### Exercise directions
Tally the lines in the material below that hold the string "with" and report the tally alone.

### Entries shown
────────────────

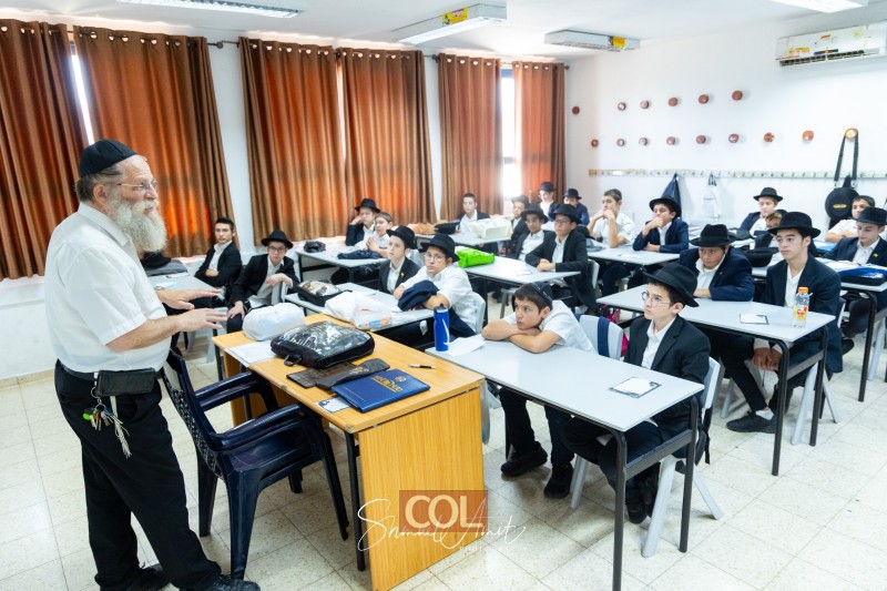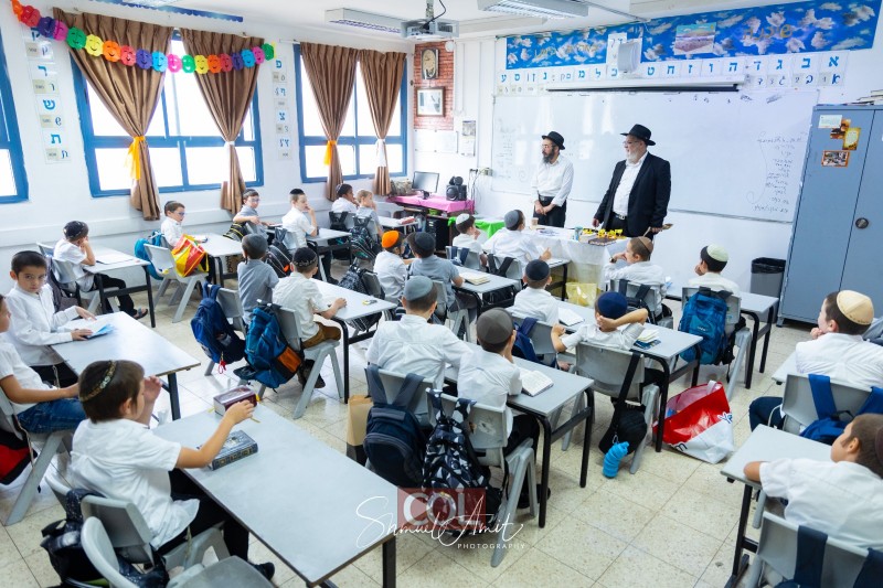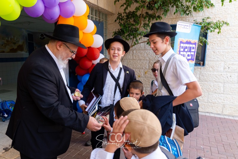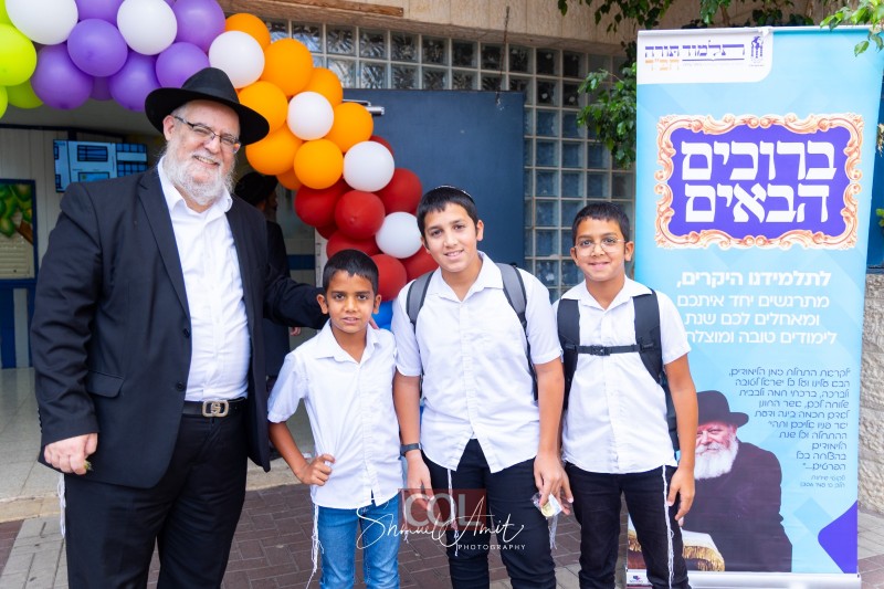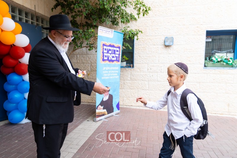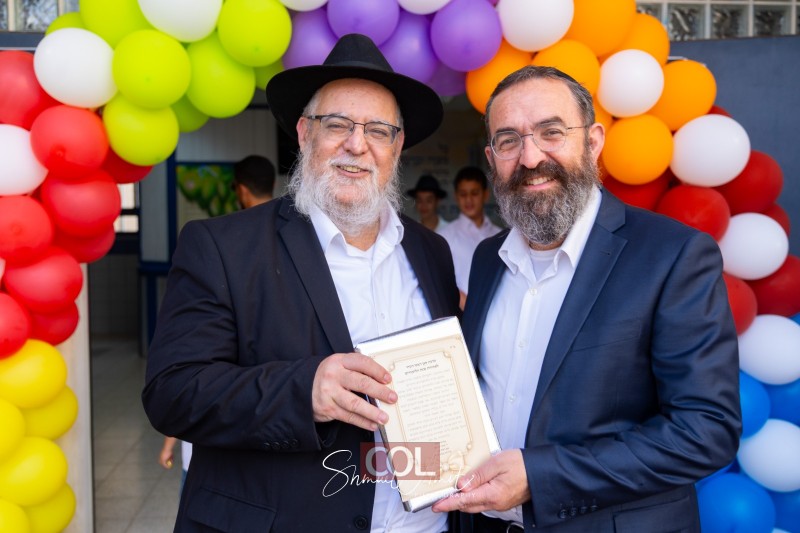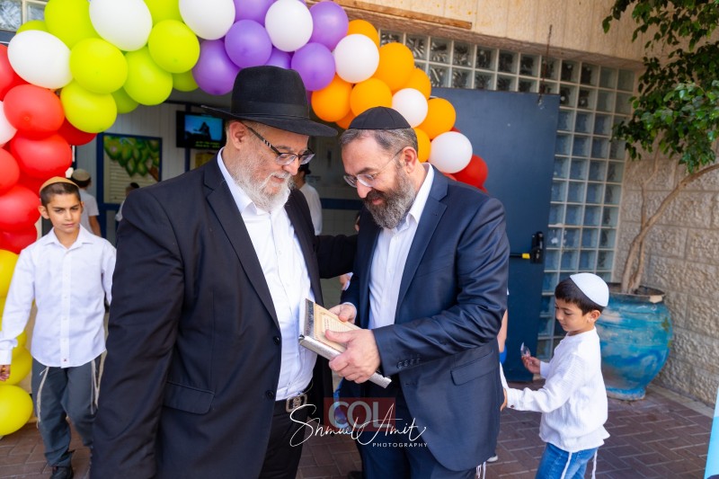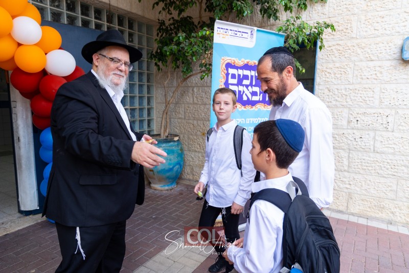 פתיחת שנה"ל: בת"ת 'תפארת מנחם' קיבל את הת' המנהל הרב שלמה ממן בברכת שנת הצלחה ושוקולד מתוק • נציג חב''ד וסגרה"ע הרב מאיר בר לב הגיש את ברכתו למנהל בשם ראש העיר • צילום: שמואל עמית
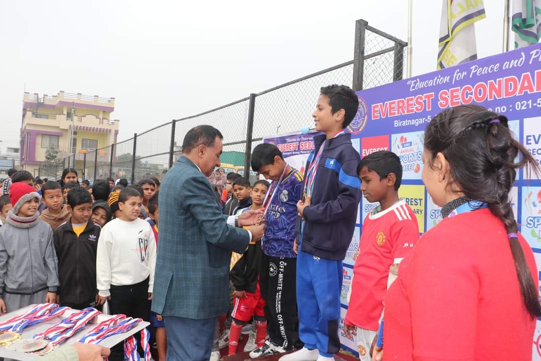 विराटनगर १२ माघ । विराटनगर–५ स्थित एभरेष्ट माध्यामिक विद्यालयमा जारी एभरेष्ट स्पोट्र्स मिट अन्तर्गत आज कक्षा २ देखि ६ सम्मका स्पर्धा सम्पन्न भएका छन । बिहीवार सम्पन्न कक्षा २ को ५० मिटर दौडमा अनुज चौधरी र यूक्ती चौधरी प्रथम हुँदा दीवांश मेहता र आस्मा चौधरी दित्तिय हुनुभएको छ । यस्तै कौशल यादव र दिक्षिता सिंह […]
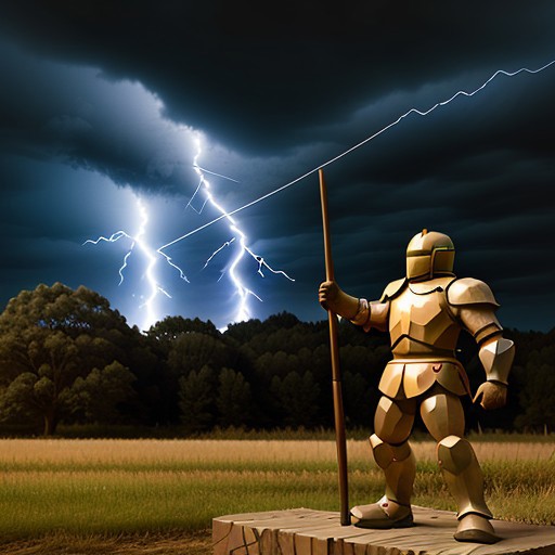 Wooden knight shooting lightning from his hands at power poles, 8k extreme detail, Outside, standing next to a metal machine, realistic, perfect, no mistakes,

────────────────

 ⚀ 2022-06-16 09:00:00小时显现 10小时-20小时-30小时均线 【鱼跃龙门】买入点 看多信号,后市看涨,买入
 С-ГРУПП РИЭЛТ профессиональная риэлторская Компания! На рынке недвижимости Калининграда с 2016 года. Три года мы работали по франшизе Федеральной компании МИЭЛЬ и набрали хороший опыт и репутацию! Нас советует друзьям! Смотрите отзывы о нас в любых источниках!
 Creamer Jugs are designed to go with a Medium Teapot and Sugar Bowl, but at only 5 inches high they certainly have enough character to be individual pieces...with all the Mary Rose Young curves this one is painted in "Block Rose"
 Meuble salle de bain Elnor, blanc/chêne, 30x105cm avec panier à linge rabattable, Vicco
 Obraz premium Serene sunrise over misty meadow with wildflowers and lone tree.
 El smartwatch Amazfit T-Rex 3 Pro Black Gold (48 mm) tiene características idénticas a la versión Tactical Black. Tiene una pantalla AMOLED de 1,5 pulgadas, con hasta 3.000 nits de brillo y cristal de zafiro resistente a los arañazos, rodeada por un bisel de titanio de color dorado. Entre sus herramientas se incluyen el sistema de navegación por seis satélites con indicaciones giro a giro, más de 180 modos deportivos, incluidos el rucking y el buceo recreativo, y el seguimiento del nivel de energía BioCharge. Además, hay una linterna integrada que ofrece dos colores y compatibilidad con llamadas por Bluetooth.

────────────────

### Result of the exercise
2